Presentation by Jennifer Marsman Principal Engineer at Microsoft blog.msdn.microsoft.com/jennifer
Supervised Learning and Unsupervised Learning
Supervised Learning - Requires labeled data
Unsupervised Learning - Does not require labeled data
Supervised Learning: using historic data to make new inferences.
Unsupervised learning: make sense of data without labels, cluster similar things together, look for relationships, form groups, explore the data.
Reinforcement learning: semi-supervised learning. Look at our Markov Decision Process post. Also AlphaGO.
This Kaggle competition, supervised learning will be helpful.
Regression vs Classification
Regression: predicts the cost of a home, sales number, for example zillow dataset, develop a mathematical model.
Classification: YES/NO, categorical, discrete, team A,B,C.
Machine Learning Terminologies
Features: number of bathroom, zipcode,
Training vs inference:
Data split: don't want to use up all data for training. Need to witheld data so that can test out how the model perform for data it has never seen. 15 years ago 70% 30% data split was the gold standard. `
Cross Validation K Fold: divide train data into 10 chunks, use 9 for train 1 for validation, then shuffle and do the same, use another 1 portion for validation.... Use different 9 and test with a different hold out.
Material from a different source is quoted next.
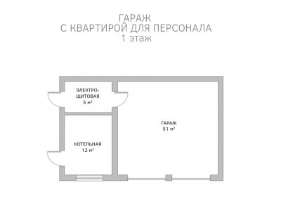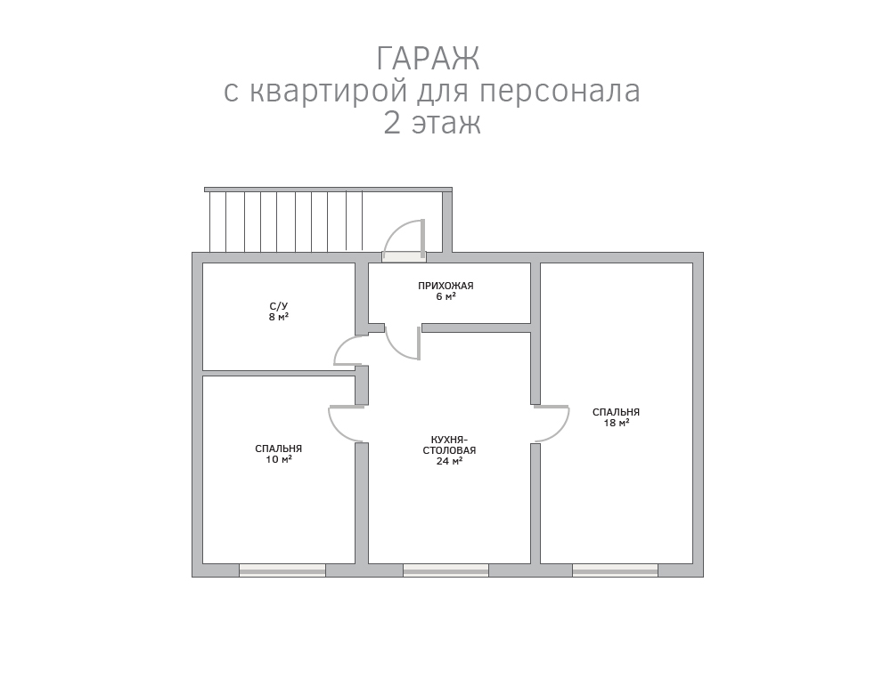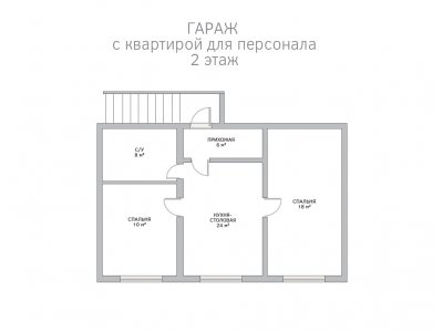 Квартира для персонала с отдельным входом с участка по лестнице: прихожая, кухня-столовая 24 кв.м, 2 спальни (10 и 18 кв.м), санузел 8 кв.м.

Precision, Recall, Accuracy
Azure for ML
- Data Science virtual machine include all the common data tools, pre-installed. Anaconda, R, Python, Tensorflow, common deep learning frameworks and tools.
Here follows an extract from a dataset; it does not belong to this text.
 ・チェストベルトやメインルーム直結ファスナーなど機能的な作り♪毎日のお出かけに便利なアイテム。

- Batch AI, train models at scale.
- Azure credits.
Deep neural networks require a lot of data. Transfer Learning can help when that is not available. For example if we only 2000 images.
In the earlier layers the NN is recognizing shapes, edges. Not until much later it is recognizing actual images.
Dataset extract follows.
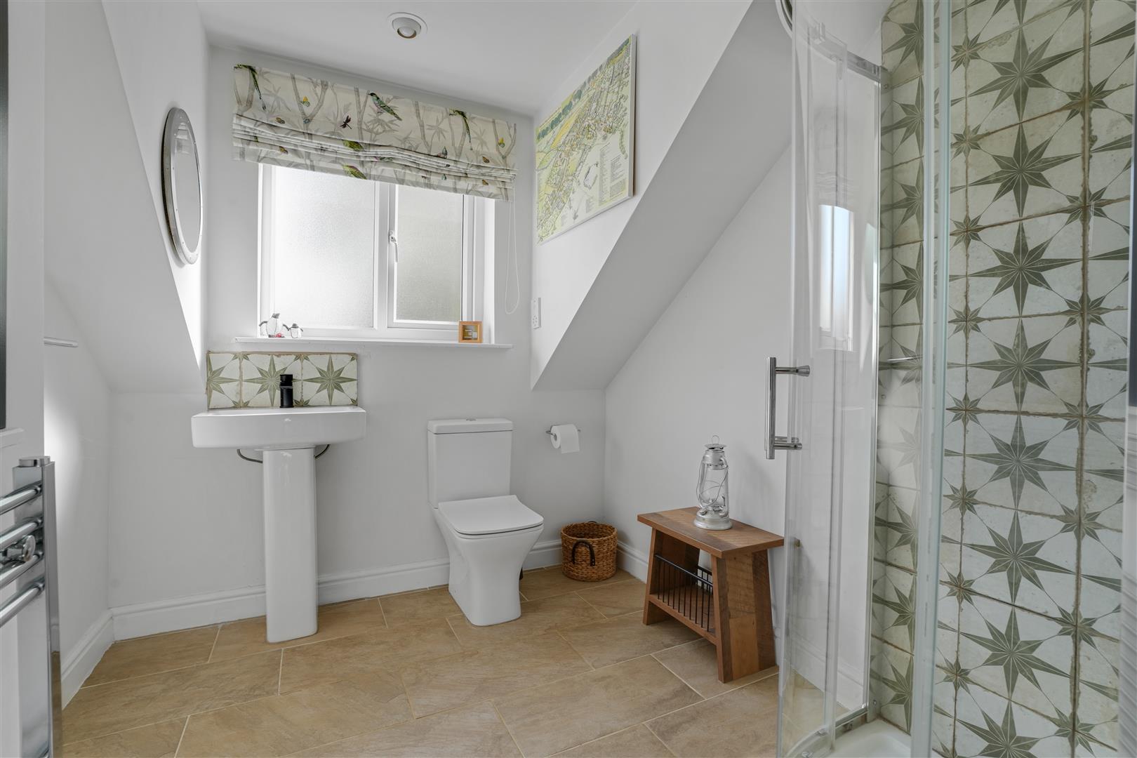 With a quadrant shower cubicle, pedestal wash basin, WC and vertical heated towel rail. There is a two casement dormer window to the front elevation.

Use known dataset and architecture that already figure out edges and shapes, and only fine tune the final layers.
Learning Resources on Microsoft
Microsoft School of AI
Microsoft tutorials for analytics, Microsoft AI learning via github, Microsoft for AI, Microsoft Program for Data Science, Microsoft Program for Data Analysis. https://azure.github.io/learnAnalytics-public/
Tutorial Presentation Getting Started on Kaggle
Vani Mandava Director Data Science Microsoft Research @vanimt
Kaggle Competition Overview and Tutorial
Oil palm tree produces palm oil in Africa and South Central America through deforestation. High resolution satellite image and computer vision helps us track this environmental issues. Dataset created by the West Big Data Hub and WiDS Datathon Committee. Develop a model to detect whether an oil palm plantation is present. This competition has ended.
Supervised learning problem with image vision. 15K images in training, 4K images in test set, 2K images in holdout.